Communication of Statistics

Matt Triggs discusses the government's handling of the Covid-19 statistics. 

The Government communication strategy throughout the Coronavirus pandemic has been, on the whole, poor. Although there’s much to be said about the messaging, rollout of policy, and format of communication, they are not the subject of this blog, which will instead focus on the communication of statistics.

The UK Statistics Authority (UKSA), the Government statistics watchdog, is responsible for the Code of Practice for Statistics, which the Government and Government departments must follow at all times.  On 11th May, Sir David Norgrove, Chair of UKSA, wrote to Matt Hancock in his capacity as Secretary of State for Health asking for clarity on the definition of testing targets. Although the UKSA didn’t comment when the 100,000 daily test target for the end of April was announced, once it became clear that the Government was not being entirely open with the public (e.g. counting mailed rather than completed tests, including multiple tests from the same people), it became a matter of interest.
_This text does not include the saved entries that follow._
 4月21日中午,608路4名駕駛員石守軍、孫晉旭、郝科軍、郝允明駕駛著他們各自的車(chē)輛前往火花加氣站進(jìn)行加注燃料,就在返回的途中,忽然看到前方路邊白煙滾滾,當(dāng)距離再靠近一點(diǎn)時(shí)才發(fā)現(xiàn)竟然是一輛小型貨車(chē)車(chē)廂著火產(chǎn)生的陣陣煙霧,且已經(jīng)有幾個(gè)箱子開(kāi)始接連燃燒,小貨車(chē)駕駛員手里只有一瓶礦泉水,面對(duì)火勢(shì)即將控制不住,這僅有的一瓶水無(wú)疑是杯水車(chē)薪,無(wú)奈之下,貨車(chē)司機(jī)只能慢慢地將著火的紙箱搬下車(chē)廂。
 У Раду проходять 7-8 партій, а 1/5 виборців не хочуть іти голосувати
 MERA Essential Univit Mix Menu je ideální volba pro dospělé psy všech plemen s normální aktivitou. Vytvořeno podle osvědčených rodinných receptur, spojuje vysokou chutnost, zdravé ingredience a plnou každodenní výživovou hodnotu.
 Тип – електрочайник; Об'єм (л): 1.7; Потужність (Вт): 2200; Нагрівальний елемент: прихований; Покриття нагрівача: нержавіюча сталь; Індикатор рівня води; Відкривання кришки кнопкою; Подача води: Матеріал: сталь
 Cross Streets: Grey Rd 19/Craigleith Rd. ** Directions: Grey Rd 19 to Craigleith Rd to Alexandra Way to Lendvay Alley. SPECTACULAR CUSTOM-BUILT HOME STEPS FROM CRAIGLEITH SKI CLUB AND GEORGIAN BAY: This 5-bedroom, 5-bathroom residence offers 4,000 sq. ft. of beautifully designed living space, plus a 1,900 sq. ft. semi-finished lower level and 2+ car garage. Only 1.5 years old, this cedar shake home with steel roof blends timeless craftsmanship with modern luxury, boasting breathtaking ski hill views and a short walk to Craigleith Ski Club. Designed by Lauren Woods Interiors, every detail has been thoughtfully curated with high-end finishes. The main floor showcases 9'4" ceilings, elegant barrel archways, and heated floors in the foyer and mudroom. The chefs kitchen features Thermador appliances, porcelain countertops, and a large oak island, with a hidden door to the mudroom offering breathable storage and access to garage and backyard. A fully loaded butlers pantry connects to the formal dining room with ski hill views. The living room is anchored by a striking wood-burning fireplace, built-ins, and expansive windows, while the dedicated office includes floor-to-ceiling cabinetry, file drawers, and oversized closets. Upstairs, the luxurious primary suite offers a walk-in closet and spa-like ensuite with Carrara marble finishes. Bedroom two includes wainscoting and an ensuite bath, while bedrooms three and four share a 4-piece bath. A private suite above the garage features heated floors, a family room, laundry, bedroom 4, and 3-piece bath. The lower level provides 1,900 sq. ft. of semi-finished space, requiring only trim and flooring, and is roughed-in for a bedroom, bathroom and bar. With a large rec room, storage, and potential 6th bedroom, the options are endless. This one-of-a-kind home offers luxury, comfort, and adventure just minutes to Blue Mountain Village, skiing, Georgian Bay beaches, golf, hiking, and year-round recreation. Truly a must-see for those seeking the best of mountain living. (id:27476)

Following this, on 2nd June, Norgrove again wrote to Hancock seeking further clarity and reminding the Secretary of State of his obligation under the Code of Practice. This addressed issues with continued confusion between completed and mailed tests, the volume of repeated tests, the proportion of positive tests, and the lack of clear notes and data. In a strongly worded statement, Norgrove wrote that testing statistics “...fall well short of expectations [of the code of practice]. It is not surprising that given their inadequacy data on testing are so widely criticised and often mistrusted.”

In addition to the official watchdog, other notable statisticians have been critical. Speaking on 10th May to Andrew Marr, Professor Sir David Spiegelhalter, former President of the Royal Statistical Society and chairman of the Winton Centre for Risk and Evidence Communication described the daily press conferences as “number theatre” and “not trustworthy statistics” - citing (for example) the daily reported numbers of hospital deaths. 

Indeed, on 8th June, Hancock claimed that there were “no deaths in London hospitals” which, due to the reporting lag, is simply not true. When working with imperfect data (which this definitely is), it is especially important to bear in mind the assumptions and conditions on which they have been collected and to ensure that these are communicated clearly. The experts that were typically present at the daily briefings made a reasonable attempt to express these when voicing over the figures, but Ministers have not been as careful. In fact, there were four deaths - each of whose family would have heard the Secretary of State for Health not just treat them as a statistic, but forget they exist at all.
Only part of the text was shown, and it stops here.